Мертвая тишина, ни звука, только постукивает, вздрагивая, искусственная челюсть. От этого постукивания у Хозяина начинает дергаться щека. Он вдруг поворачивается и, кольнув Фотографа яростным прищуром, кричит бывшему главе государства:

— Ты почему зубами стучишь, а? Ты меня совсем забыл?! Тебе кто маршала присвоил, а? У тебя зять — вор! Снимай ордена! Снимай и отдай людям, ну!

И вот боксеры, оправившись от оцепенения, подскакивают, сдирают ордена и преданно смотрят на Хозяина.

— В пакет его! — говорит он и показывает трубкой, а потом, повернувшись к оцепеневшему Фотографу, насмешливо прибавляет: — Один, понимаешь, кукурузу любит, другой ордена, ай-яй-яй! Совсем тут разбаловались! А ну, дай-ка мне спички.
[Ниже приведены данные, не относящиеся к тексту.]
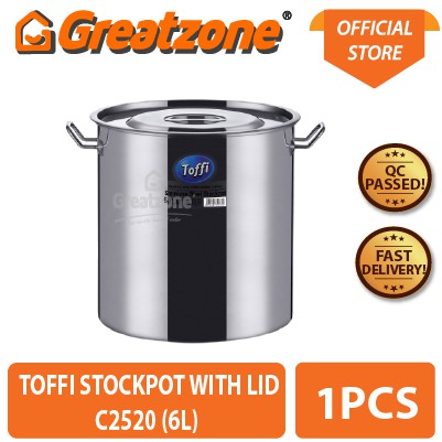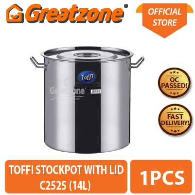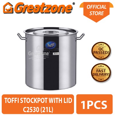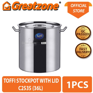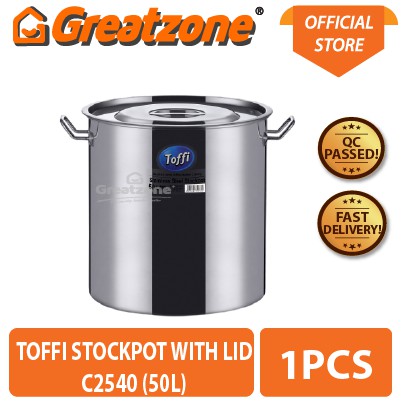 READY STOCK TOFFI STAINLESS STEEL DOUBLE HANDLE STOCK POT WITH LID 6LITRE / 14L / 21L / 36L / 50L

Один из боксеров кидается в гущу фотографий, подает Фотографу коробок, и тот дрожащей рукой передает его Хозяину. Прикурив и попыхивая трубкой, Хозяин с любопытством оглядывается вокруг и насмешливо качает головой, повторяя:

— Я вижу, совсем тут разбаловались без меня, а?

— Разврат, товарищ Сталин! — дрожащим голосом подтверждает Фотограф. — Совсем порядка не стало.
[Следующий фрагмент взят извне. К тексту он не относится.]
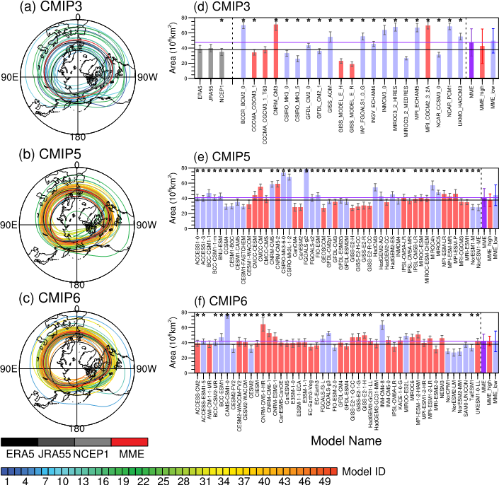 图1. (a) CMIP3, (b) CMIP5和(c) CMIP6多模式模拟的北半球冬季 (12至2月) 平流层极涡形状。其中,黑色和灰色粗线表示三套再分析资料,红色粗线表示各个CMIP的多模式集合平均(MME),彩色廓线表示各个模式模拟的平流层极涡轮廓平均态 (21个CMIP3模式、50个CMIP5模式、48个CMIP6模式)。 (d)-(f) 三套再分析资料和CMIP3/5/6模式模拟的平流层极涡面积,即极涡廓线所包围的面积 (单位:百万km2)。对于单个模式而言,误差线表示每个模式模拟的极涡面积标准偏差;对于MME而言,误差线表示多模式间标准差。红色柱状图为高顶模式,蓝色柱状图为低顶模式,深蓝、深红和深紫色为MME。水平黑线是三套再分析资料的均值,水平紫线是所有模式的集合平均。高顶模型及其MME用红色显示,低顶模式及其MME用蓝色显示。五角星表示模式相对于再分析资料的偏差超过了95%的信度检验。

— Ну? — поднимает бровь Хозяин. — А кто виноват? А органы что, разленились, не работают?

— Так время сейчас другое. Никого не тронь, нельзя…
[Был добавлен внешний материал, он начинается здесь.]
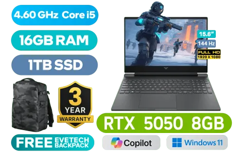 Victus by HP Gaming Laptop 15-fa2013ni 13th Gen Intel® Core™ i5-13420H up to 4.60GHz Processor, 12MB Cache, 8x Cores, 12x Threads / 16GB DDR5 RAM / 1TB Ultra-Fast NVME SSD / 15.6" FHD (1920x1080) Anti-glare 144Hz Refresh Rate with IPS-Level micro-edge Display / NVIDIA GeForce RTX 5050 8GB GDDR7 Dedicated Graphics / Windows 11 Home 64bit / Realtek Wi-Fi 6 8852BE Wireless LAN / Bluetooth 5.4 / HP Wide Vision 720p Camera with Integrated Dual Array Digital Microphone / 2x USB Type-A / 1x USB Type-C / 1x HDMI 2.1 / 1x Headphone and Microphone Combo Jack / 1x RJ45 / White Backlit Keyboard / DTS:X® Ultra; Dual speakers; HP Audio Boost / HP Victus 15 Intel Core i5 RTX 5050 Gaming Laptop DealVictus by HP Gaming Laptop 15-fa2013ni 13th Gen Intel® Core™ i5-13420H up to 4.60GHz Processor, 12MB Cache, 8x Cores, 12x Threads / 16GB DDR5 RAM / 1TB Ultra-Fast NVME SSD / 15.6" FHD (1920x1080) Anti-glare 144Hz Refresh Rate with IPS-Level micro-edge Display / NVIDIA GeForce RTX 5050 8GB GDDR7 Dedicated Graphics / Windows 11 Home 64bit / Realtek Wi-Fi 6 8852BE Wireless LAN / Bluetooth 5.4 / HP Wide Vision 720p Camera with Integrated Dual Array Digital Microphone / 2x USB Type-A / 1x USB Type-C / 1x HDMI 2.1 / 1x Headphone and Microphone Combo Jack / 1x RJ45 / White Backlit Keyboard / DTS:X® Ultra; Dual speakers; HP Audio Boost / HP Victus 15 Intel Core i5 RTX 5050 Gaming Laptop Deal [BP5Q0EA/16GB/1TB] / 3 YEARS WARRANTY / [+] GET FREE EVETECH DASH Premium Gaming Backpack+ FREE DELIVERY !

— Не послушались, значит, — говорит Хозяин будто самому себе и, повысив голос, добавляет жестко, с металлом в голосе: — А ты, я вижу, богато живешь. Аппарат такой где взял, у иностранцев? — И смотрит грозно.

— У них, — торопливо кивает Фотограф. — Я вообще-то этого не люблю, но как быть? Сами делать не можем.

— И не надо! — говорит Хозяин, раздраженно отводя руку с трубкой. — И не надо уметь! Кто умеет, тот много про себя понимать начинает. Надо, чтобы ничего не было, тогда человек будет хотеть порядка, понял? Хочется тебе порядка, а?

— Так точно! — говорит Фотограф. — Очень хочется!

Хозяин опять окатывает его знаменитым прищуром, и улыбка змеится под толстыми усами.

— А ты знаешь, где больше всего порядка, а? — спрашивает юн. — Знаешь или нет?

— Не знаю… — тут же отвечает Фотограф. — Наверно — при вас, товарищ Сталин!

И тут певец, очухавшись, вдруг во всю глотку как грянет: «Нас вырастил Сталин…»

— Замолчи! — коротко прерывает его Хозяин и, знаком показав, чтобы Фотограф нагнулся, шепчет ему в ухо: — Одному тебе скажу, где много порядка, ты только никому не говори, да?

— Да что вы, товарищ Сталин! — с дрожью в голосе отзывается Фотограф.

— Ну вот, — на кладбище много порядка, понял меня, да?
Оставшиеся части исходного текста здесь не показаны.